__Directions for this task__
Transcribe each line below verbatim; pictures excluded.

Start of Source information

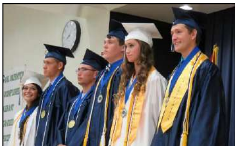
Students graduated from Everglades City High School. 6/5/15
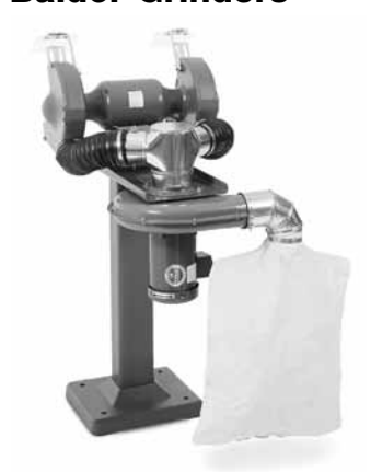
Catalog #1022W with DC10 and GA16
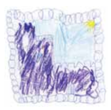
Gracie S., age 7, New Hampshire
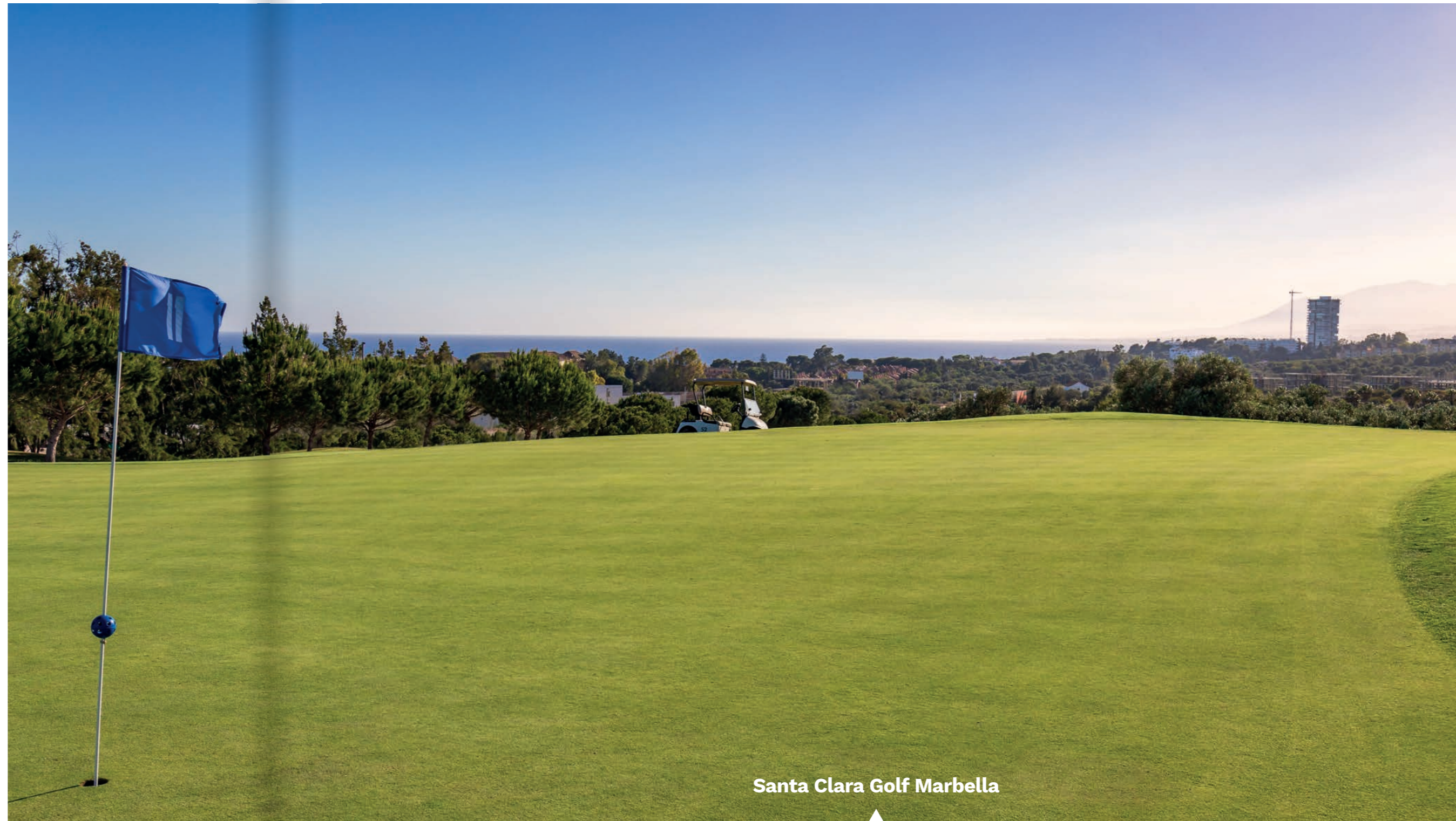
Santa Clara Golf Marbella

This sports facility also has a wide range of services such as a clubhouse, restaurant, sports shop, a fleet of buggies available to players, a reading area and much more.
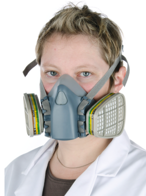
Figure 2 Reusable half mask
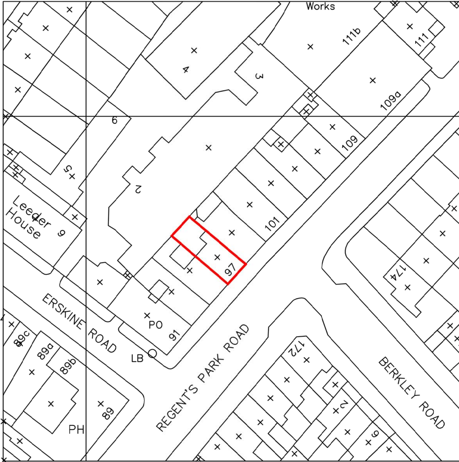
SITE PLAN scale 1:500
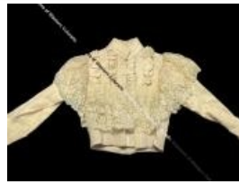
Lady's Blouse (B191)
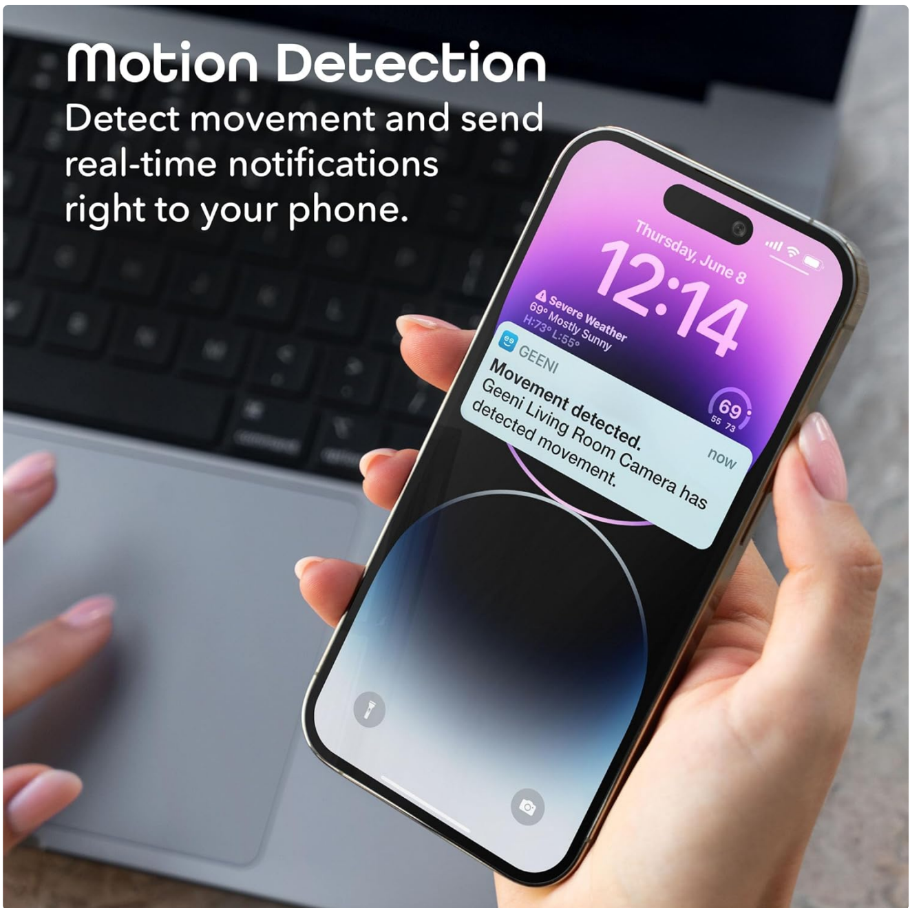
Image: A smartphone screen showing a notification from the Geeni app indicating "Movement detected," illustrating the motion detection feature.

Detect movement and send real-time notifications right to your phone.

End of Source information

__Finished exercise__
Students graduated from Everglades City High School. 6/5/15
Catalog #1022W with DC10 and GA16
Gracie S., age 7, New Hampshire
Santa Clara Golf Marbella

This sports facility also has a wide range of services such as a clubhouse, restaurant, sports shop, a fleet of buggies available to players, a reading area and much more.
Figure 2 Reusable half mask
SITE PLAN scale 1:500
Lady's Blouse (B191)
Image: A smartphone screen showing a notification from the Geeni app indicating "Movement detected," illustrating the motion detection feature.

Detect movement and send real-time notifications right to your phone.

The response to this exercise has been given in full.